A charming and atmospheric debut mystery featuring a young Indian police sergeant investigating a missing persons case in colonial Fiji.
1914, Fiji: 25-year-old Akal Singh would rather be anywhere but this tropical paradise--or, as he calls it, "this godforsaken island." After a promising start to his police career in his native India and Hong Kong, Akal has been sent to Fiji as punishment for a humiliating professional mistake. Lonely and grumpy, Akal plods through his work and dreams of getting back to Hong Kong.
When an indentured Indian woman goes missing from a sugarcane plantation and Fiji's newspapers scream "kidnapping," the inspector-general reluctantly assigns Akal the case, giving him strict instructions to view this investigation as nothing more than cursory. Akal, eager to achieve redemption, agrees--but soon finds himself far more invested than he ever expected.

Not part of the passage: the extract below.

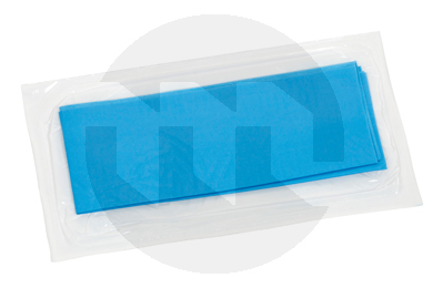 Estéril, em tecido. Não tecido, absorvente e impermeável, sem desprendimento de fibras.
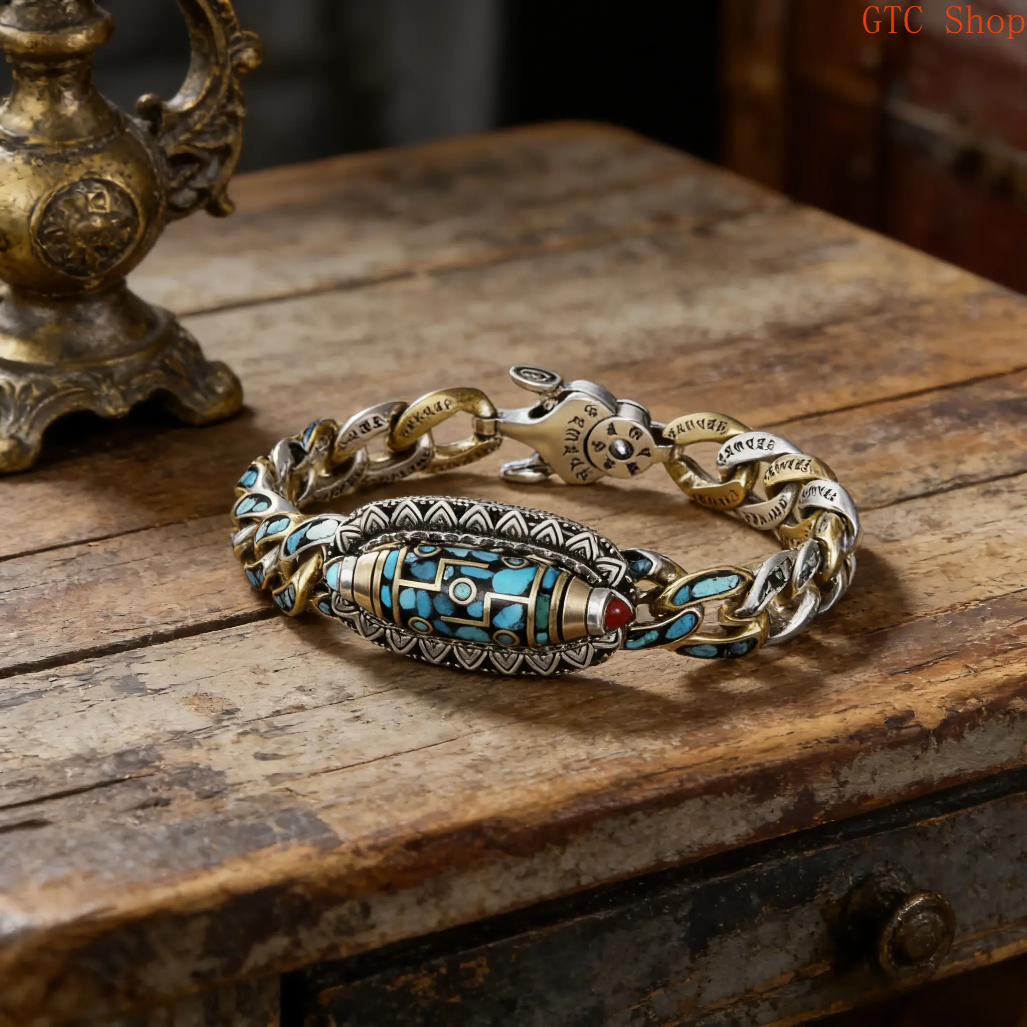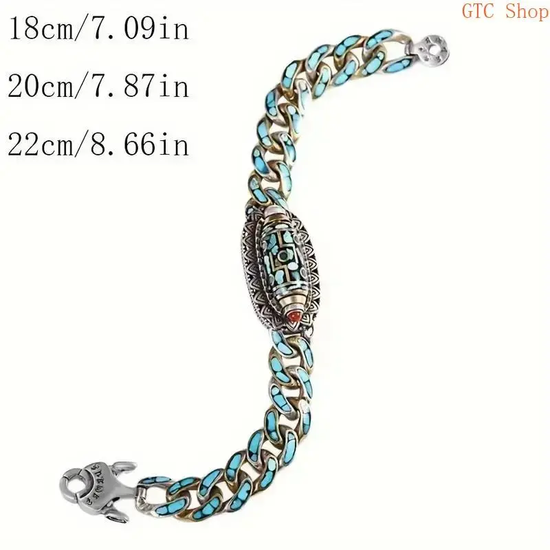 Tibetan Style Six-Syllable Mantra Bracelet Design & Style: This bracelet features a Tibetan style with a six-syllable mantra. It includes nine-eyed Dzi beads and turquoise stones. Perfect for meditation and good luck. Versatility: Ideal for daily wear, this anklet can also be worn as a bracelet. It combines functionality with spiritual significance. Material & Details: The bracelet is crafted with turquoise stones and Dzi beads. The six-syllable mantra adds a spiritual touch. It is a versatile piece for meditation and daily use. Usage: Suitable for meditation, this bracelet brings good luck. It is a perfect accessory for daily wear, adding a spiritual element to your outfit.

Now not only is he investigating a disappearance, but also confronting the brutal realities of the indentured workers' existence and the racism of the British colonizers in Fiji--along with his own thorny notions of personhood and caste. And early interrogations of the white plantation owners, Indian indentured laborers, and native Fijians yield only one conclusion: there is far more to this case than meets the eye.
Nilima Rao's debut is full of sparkling wit, vibrant characters, intriguing mystery-solving, and fascinating historical detail, both unflinching in its treatment of the atrocities of colonialism and hopeful for a better future.
Story Locale:1914 Fiji
It is 1914 and Sergeant Akal Singh of the Fijian Constabulary, Suva, is a fairly recent arrival in Fiji after being pushed out of his previous post in Hong Kong after a grave misjudgment. Singh buckles down in his new role despite the comic pomposity of his superiors and the casual and not-so-casual discrimination he faces on a daily basis in this racially stratified colonial society.
When word arrives that one of the ‘Coolies’ - the indentured Indian labourers who keep the sugarcane industry alive, has gone missing, Singh ventures forth to investigate in his own indomitable, quietly charismatic way. In doing so he uncovers a much bigger story of abuse, deception and murder.
I want to call this ‘cosy crime’ although the charming main character and gentle storytelling belies the harshness of the backdrop of the brutal lives lived by the long-suffering Indian workers at the hands of their colonial overlords. Yet I enjoyed every word of this evocative, colourful and rather unusual story and emerged with a greater understanding of a piece of history that is probably not given the attention it deserves.